Многими исследователями, прежде всего принадлежащими к традиционной «академической» русистике, выдвигалось требование, согласно которому исходное представление морфемы обязательно должно совпадать с одним из ее реально засвидетельствованных алломорфов. Однако это требование не только практически неосуществимо даже применительно к фонологическим представлениям морфем (так, корень город- всегда представляется в виде цепочки фонем /город/, однако на фонетическом уровне ни одна русская морфема не может содержать два [о] одновременно – так как [о] в русском языке возможно только под ударением), но и теоретически необоснованно (нет никаких причин, по которым инвариант должен совпадать с какой-либо из своих поверхностных реализаций). Напротив, отказ от этого ограничения во многих случаях позволяет избежать мнимой нерегулярности описания. Например, какой бы морф корня плюс- (сплюснутый) ~ плющ- (сплющивать) мы ни выбрали в качестве исходного, создается впечатление, что в этой морфеме имеется аномальное чередование с- ~ щ-; если же принять, что исходным представлением является {пл'уск}, выясняется, что на самом деле речь идет о вполне регулярных чередованиях ск- ~ с- и ск- ~ щ- (ср. плескать ~ плеснуть ~ плещет).

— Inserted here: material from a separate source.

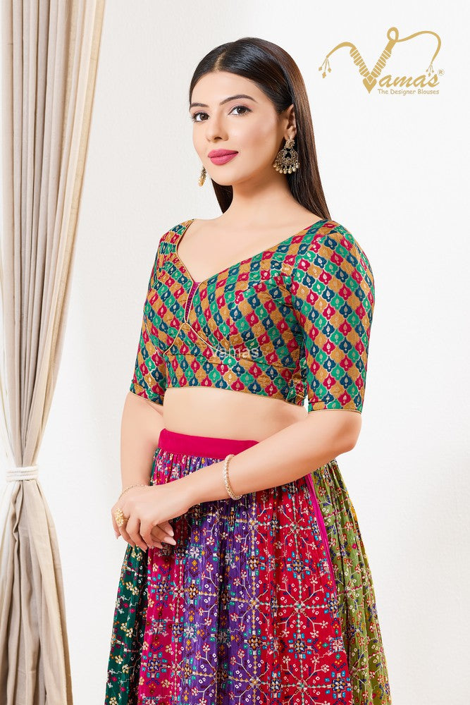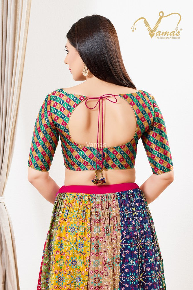 Vamas Women's Brocade Padded Back Open Elbow Sleeves Saree Blouse, This Is A Fully Stitched Ready-Made Padded Saree Blouse With Elbow Sleeves, Size Tip: We recommend buying a size bigger than your actual inner garment size (If your size is 32, then go for 34), 3 Openable Margin Stitches Of Approx. 2 Inches Available On Both Sides For Any Future Alterations, Care Instruction : Dry Clean Only.

В 1970–1980-е годы широкое распространение получила выдвинутая В.Г.Чургановой и И.А.Мельчуком идея описания морфонологии не в терминах морфем, а в терминах субморфов – цепочек морфонем, формально совпадающих с морфемами, но не обязательно несущих значение (ср. субморф -ец в лар-ец, где он является суффиксом, и в чепец, где он входит в корень). Обоснованием такого решения служит, во-первых, то обстоятельство, что морфонология имеет дело с означающими морфем, но не с их означаемыми, а во-вторых, возможность формулировать правила чередований в более простом и общем виде (например, переход ц в ч в ларчик, чепчик может быть описан как свойство субморфа -ец, но не суффикса -ец).

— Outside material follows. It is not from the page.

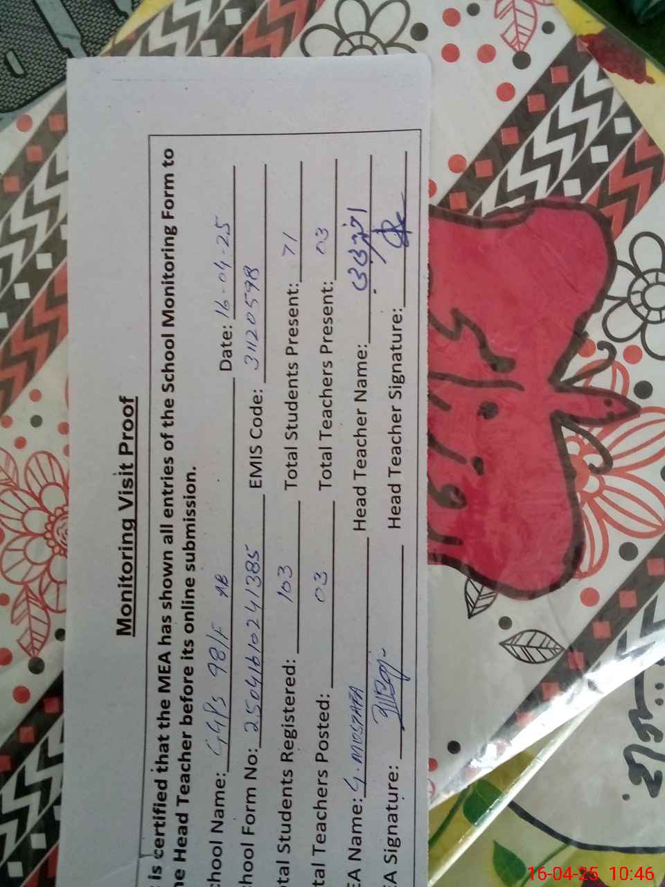 | Attendance Register | Head Teacher | MEA with School | Visit Proof |

Тем не менее такой подход вызывает серьезные возражения. Во-первых, неясны принципы членения словоформ на субморфы: могут ли, например, в слове порог быть выделены субморфы по- (ср. по-бег ) и -рог (ср. рог-ачЖ). Во-вторых, упрощение формулировок правил возможно без всякого обращения к понятию «субморф» (так, переход ц в ч перед и не связан ни с суффиксом -ец, ни с субморфом -ец, а свойствен любому ц на конце основы, ср. лицо – личико). Однако наиболее важен тот факт, что в действительности сведения об означаемом морфем часто оказываются необходимы для адекватного описания морфонологических чередований. Как правило, это связано с различием морфонологических свойств морфем-омонимов (так, русский уменьшительный суффикс -к(а) после односложных основ с исходом на два согласных выступает в виде -очк(а) – ср. ямка, но кисточка, а суффикс имен действия -к(а) сохраняется в неизменном виде – ср. ломка, чистка); однако есть также примеры одинакового морфонологического поведения морфем, имеющих совершенно различное означающее, но сходную семантику (так, в африканском языке волоф удвоение конечных согласных основы происходит перед суффиксами -i, -arcí, -arni, -anti, -adi с реверсивным значением, ср. Ub- «закрывать» – ubb-i «открывать», «затыкать» – fatt-arni «откупоривать», «быть прикрепленным» – tagg-anti «откреплять» и т.д.). Очевидно, что на уровне субморфного членения, не допускающем никакого обращения к семантике, такого рода явления не могут быть описаны в принципе.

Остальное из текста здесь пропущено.